While in the seniors, I was picked for the athletics squad, to run for
the school in the Inter-Schools annual games. My forte was 100yards sprint
and 440yards relay (4th. Position) We had to practice on Wanstead Flats
before school, nothing ever interfered with lessons. We held the sports
days at the Essex County Cricket Ground, where up to ten schools competed.

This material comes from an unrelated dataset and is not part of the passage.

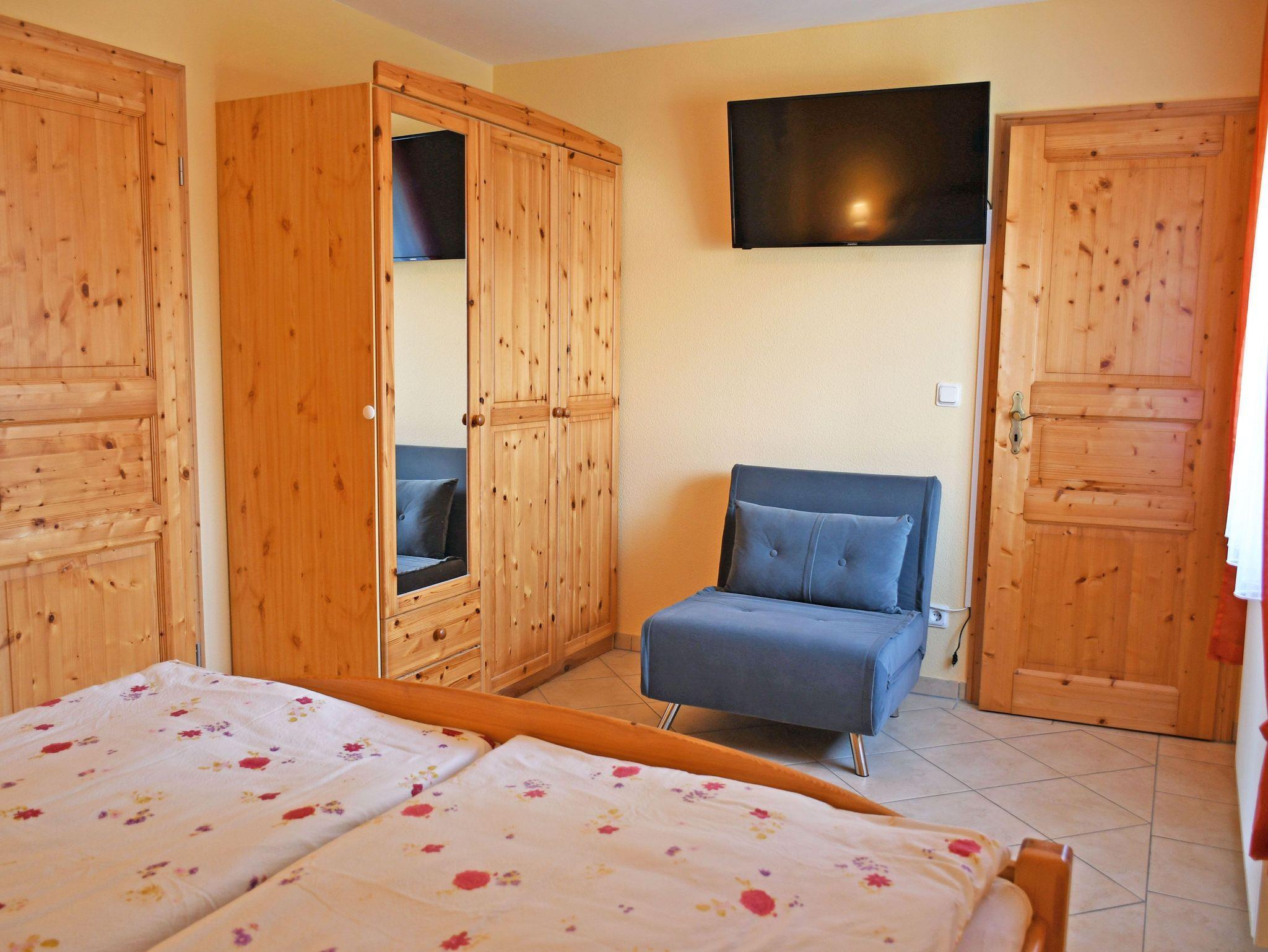 Im 1. und 2. Schlafzimmer stehen je ein Doppelbett mit Nachttischen und Leselampen sowie ein Schrank. Ein Schlafzimmer verfügt auch über einen Flachbild-TV. Das Bad ist mit Dusche, Handtuchtrockner, WC und Waschbecken ausgestattet. Die Schlafcouch im Wohnzimmer kann für zwei Aufbettungen genutzt werden. Bei Ihrer Anreise sind die Betten bereits mit Bettwäsche bezogen und es liegen für Sie frische Handtücher bereit.

Our school did very well, and I was in the squad for two years. When I
was ten years, Dad lost his sight. He was always short sighted, but this
meant that he could not carry on in engineering. So we had a period when
he was out of work. I became his eyes. We traveled everywhere together,
I had to read everything for him. He still tried to carry on with his
carpentry work, although all measuring and tricky items were left to me.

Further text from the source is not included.